Estuaire : 370 milles électeurs, mais presqu’autant de députés que dans le Haut-Ogooué

Après dix jours de travaux, le Comité de rédaction de l’avant-projet de loi sur la répartition des sièges électoraux a remis son rapport au président de la République. Ce comité avait pour mission d’intégrer les 16 nouveaux sièges de sénateurs et 2 de députés de l’étranger, prévus par la nouvelle Constitution. Cependant, ce travail remet au goût du jour l’épineuse question de la répartition des sièges entre les provinces Le cas le plus frappant est celui de la province de l’Estuaire, qui compte 370 383 électeurs mais se voit attribuer seulement 26 députés, contre 23 pour le Haut-Ogooué, une province pourtant avec un corps électoral trois fois moins élevé.
Lors de l’ouverture des travaux, le président de la commission, Hermann Immongault, avait certes souligné que la mission confiée à ses membres ne visait pas à procéder à un redécoupage électoral, mais à répartir les nouveaux sièges. Un positionnement qui, s’il est conforme à la lettre de leur mandat, semble largement insuffisant face aux exigences d’équité démocratique imposées par la Cinquième République. En effet, l’ordonnance n°00003/PR/2018 fixant la répartition des sièges de députés crée une représentation déséquilibrée et injuste entre la province du Haut-Ogooué et le reste du pays. Certains départements de cette province, qui peuvent difficilement justifier d’un poids démographique, comptent jusqu’à trois députés, une situation profondément injuste du point de vue démocratique.

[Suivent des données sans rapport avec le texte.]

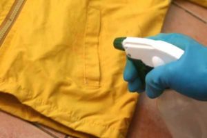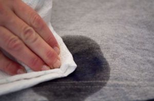 - Aplique la composición preparada a la superficie contaminada de la tela y deje todo sin cambios hasta que el producto esté completamente seco;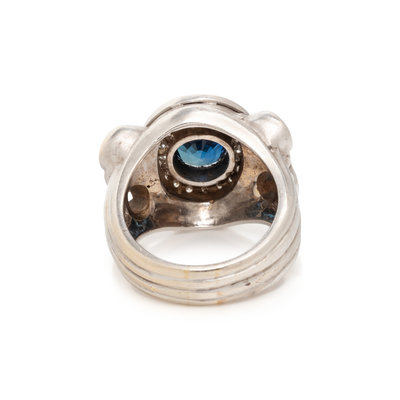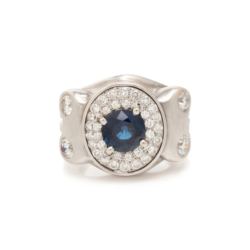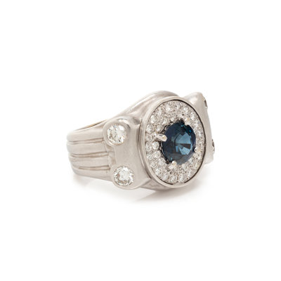 One round mixed cut sapphire measuring approximately 8.50 x 8.55 x 5.25 mm and round brilliant cut diamonds weighing approximately 1.40 carats total. 18 karat white gold. Ring size 10 1/4.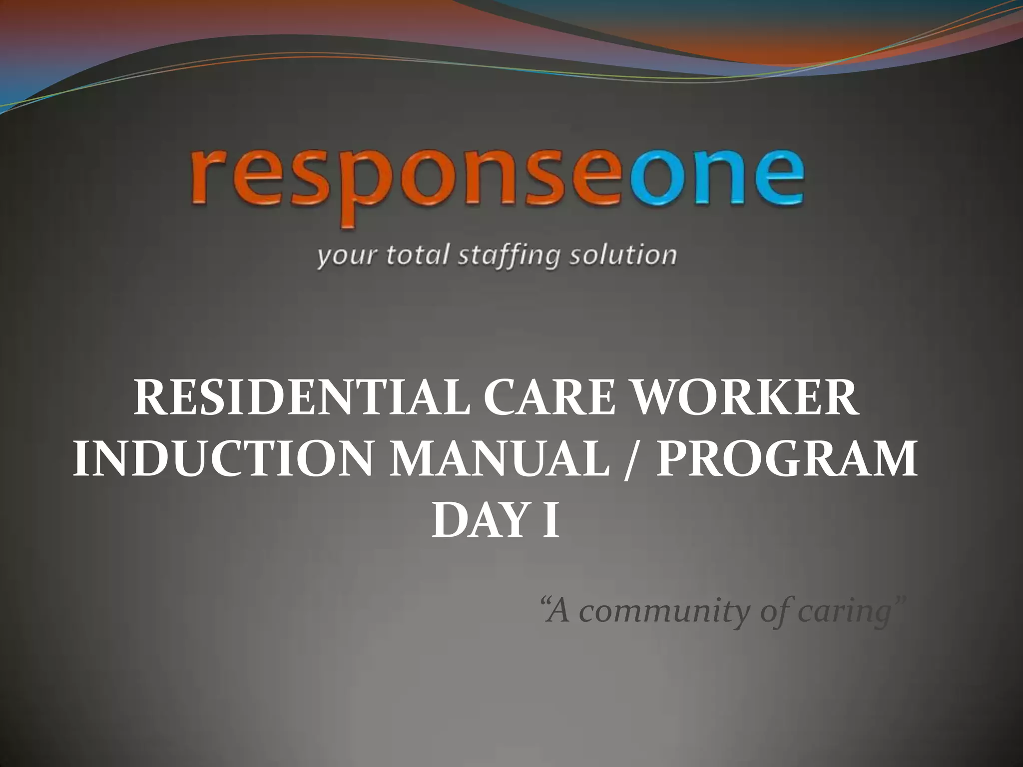The document provides an induction manual for residential care workers. It outlines the mission of Response One to provide quality services. It discusses the roles and responsibilities of disability support workers, including providing advocacy, implementing behavior plans, and ensuring quality care. It emphasizes maintaining confidentiality, understanding different types of care needs, and following procedures. The document also covers prejudice in the workplace, legal responsibilities, and the importance of duty of care.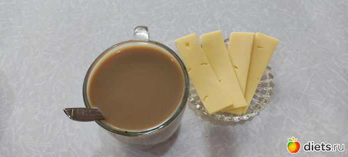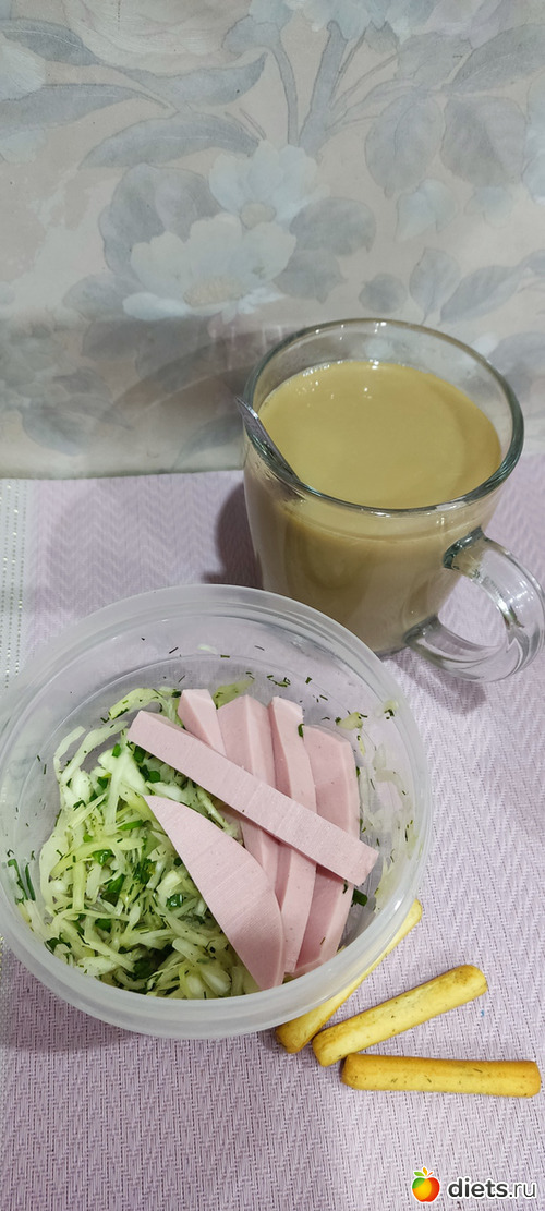 Ложка салата из капусты без заправки+ тоненькое колечко колбасы+палочки с травами. Кофе с молоком+ сироп дыня.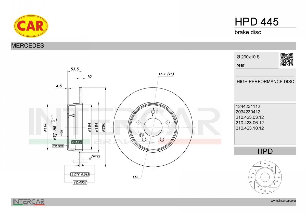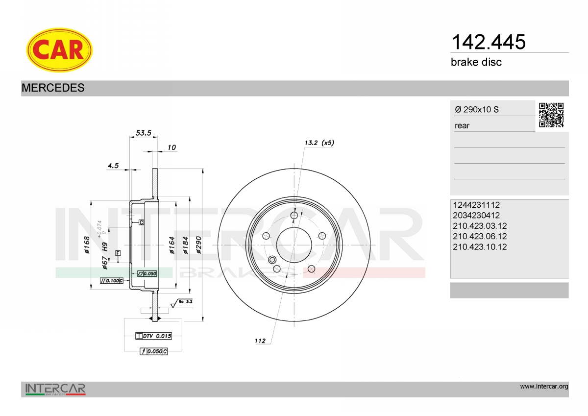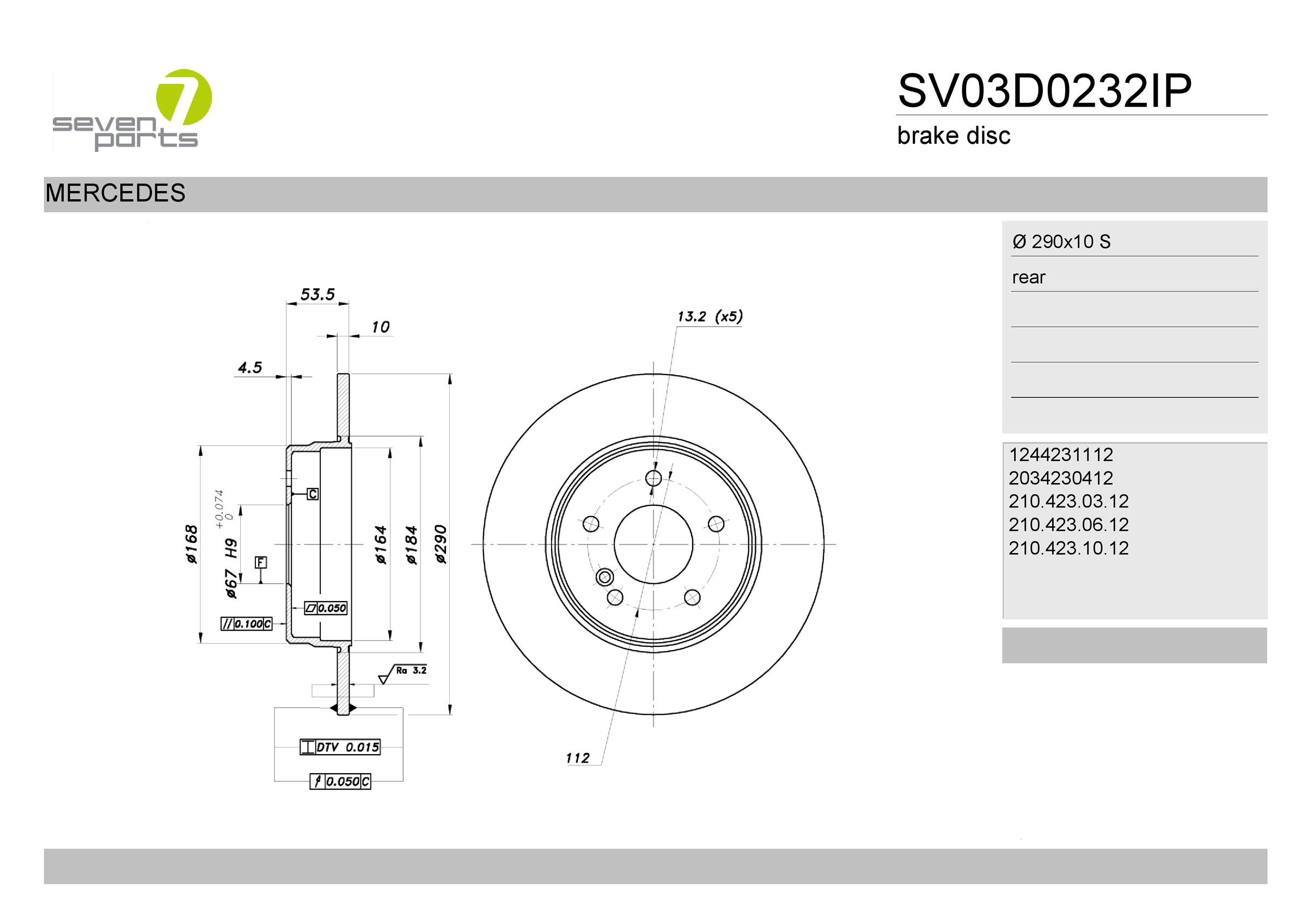 джанта: 5-дупкивид на спирачния диск: плътенвисочина 1: 53,3mmвисочина 2: 55,3mmвъншен диаметър: 290mmдебелина на спирачния диск: 10mmГлавина Ø: 168mmДиаметър на кръговата стъпка Ø: 112mmповърхност: с покритиестрана на монтаж: задна осцентриращ диаметър: 67mm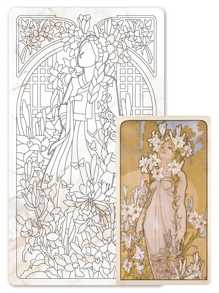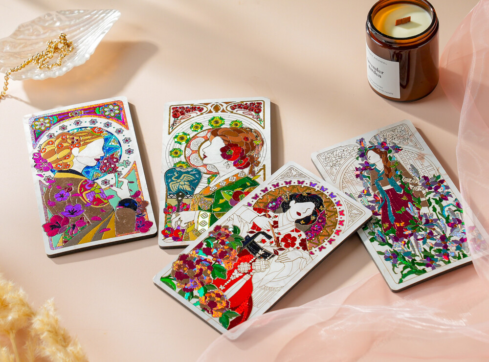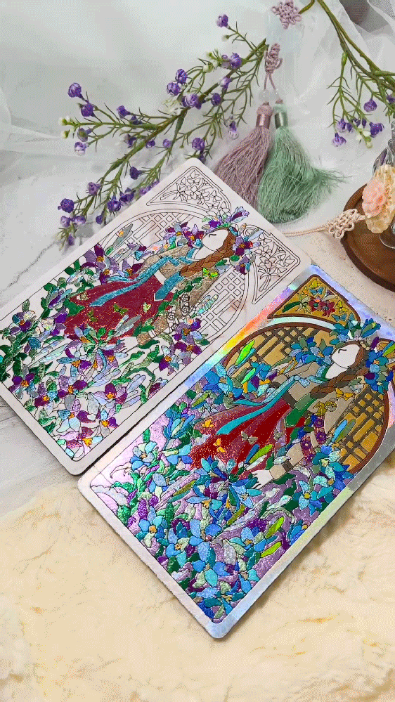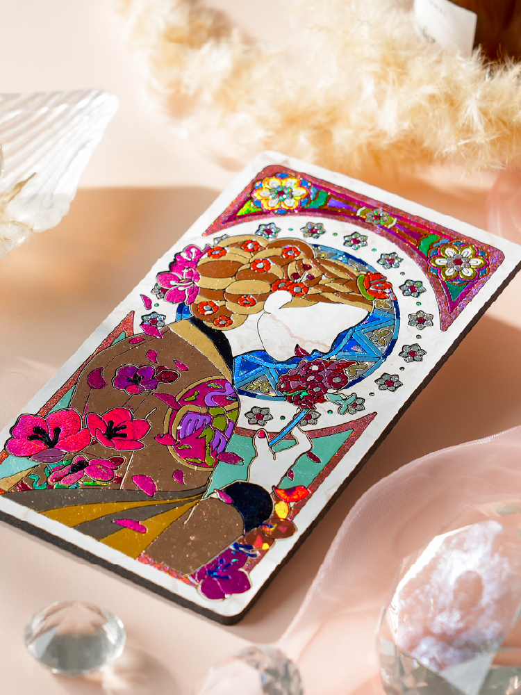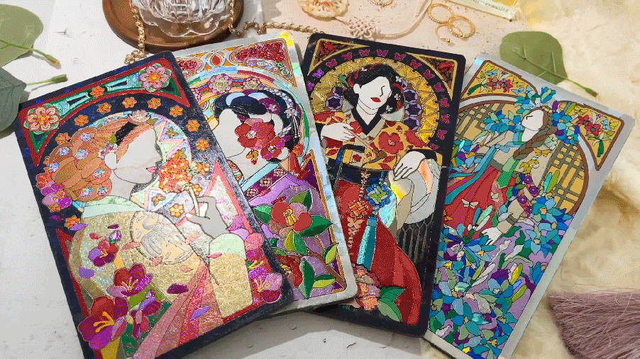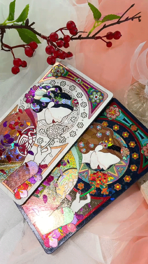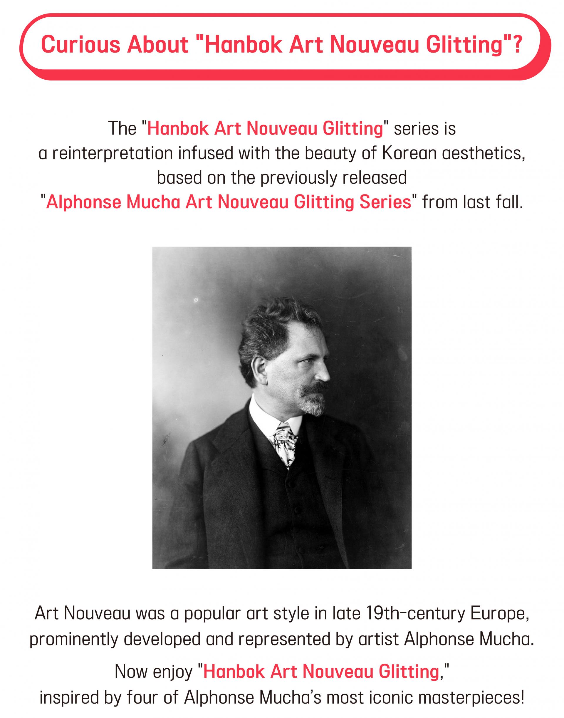 Brought vividly to life through Glitting’s mesmerizing holographic colors, this series beautifully reinterprets Alphonse Mucha’s iconic Art Nouveau style with a touch of Korean elegance.

Un déséquilibre démocratique devenu structurel
Ce déséquilibre remet fondamentalement en question le principe de représentation équitable des citoyens. En effet, si l’Estuaire est le cœur démographique du pays, avec près d’un tiers des électeurs, il ne dispose que d’un siège de député pour environ 15 000 électeurs, contre un siège pour environ 4 500 dans le Haut-Ogooué. Cette distorsion de la représentation affaiblit la légitimité de l’Assemblée nationale, en contradiction avec les principes d’un État démocratique moderne. Pire encore, elle crée un sentiment de marginalisation politique chez les citoyens des zones les plus peuplées, qui voient leur poids électoral dilué par des combines politiciennes. Dans ce contexte, maintenir un statu quo revient à institutionnaliser une inégalité de traitement entre Gabonais.
Il apparaît donc nécessaire, voire urgent, d’engager un vrai processus de redécoupage électoral qui reflète la réalité démographique des provinces. Ce travail indispensable permettrait en effet de rétablir la balance entre les territoires et de garantir à chaque citoyen une représentation équivalente à son poids dans le corps électoral. Il ne s’agit pas d’exclure les régions moins peuplées, mais de réajuster la carte électorale pour qu’elle incarne une démocratie représentative conforme aux standards internationaux. Le Dialogue national inclusif, dans son esprit, avait déjà appelé à la mise en place de cette réforme. Ignorer cet enjeu reviendrait à passer à côté d’un enjeu crucial pour la stabilité et la légitimité du processus démocratique gabonais.